Our feet took us to Nelly’s Kitchen. One look at the menu and we decided we wanted more than coffee. We ordered the standard breakfast and played with our cameras while waiting.

Nelly's Kitchen Cookie Jars

R’s coffee arrived first.

Nelly's Kitchen Cappuccino

I forgot to mention that Nelly’s Kitchen serves only organic food. It costs a few shekels higher than in a regular cafe, but the price difference is not that significant.

Nelly's Kitchen Breakfast Cheese and Olives

The first part of our breakfast arrived, and it was a platter of cheese, pickled vegetables, and buns. I just love cheese in all forms. It is a seriously guilty pleasure.

Nelly's Kitchen Breakfast Frittata

The second part of breakfast was a cheese and vegetable frittata.
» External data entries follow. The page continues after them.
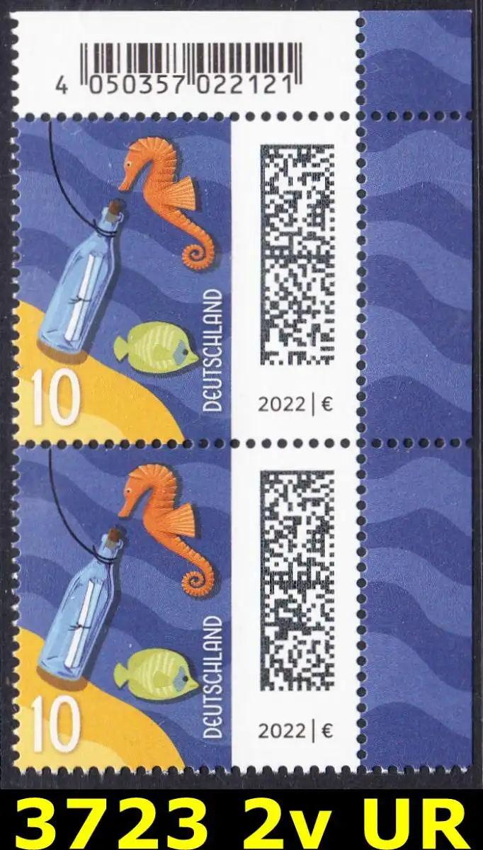 BUND 2022 Michel-# 3723 postfrisch vert.PAAR ECKRAND oben rechts
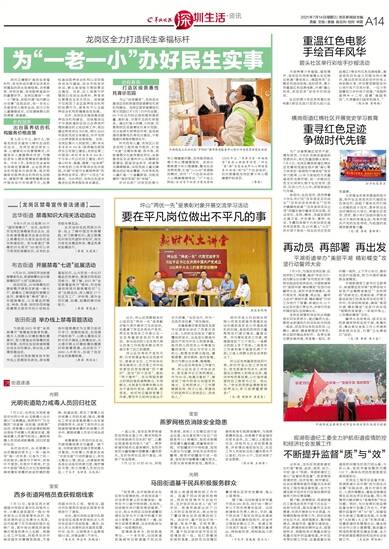 深圳正着眼打造民生幸福标杆,率先形成共建共治共享共同富裕的民生发展格局,幼有善育、学有优教、老有颐养是其中的重要环节。龙岗区围绕“一老一小”群体,积极开展“我为群众办实事”实践活动,进一步关
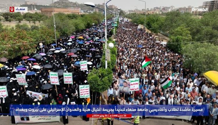 جامعة صنعاء تنظم تظاهرة حاشدة تنديدا بإغتيال هنية

R had his coffee and I had a combination carrot and orange juice. It was delicious. Nelly's Kitchen Breakfast Cheese and Olives

The sun rose higher and I knew we had to get going….

The breakfast, including the juice and coffee, was actually good for one person. We just ordered extra rolls as it was a shame not to eat all that cheese. Total bill was NIS 60++ (about $17– pricey for an IHOP, I suppose, but regular by local standards). To top it all off, the service was friendly and attentive.

Do we intend to go back? Definitely.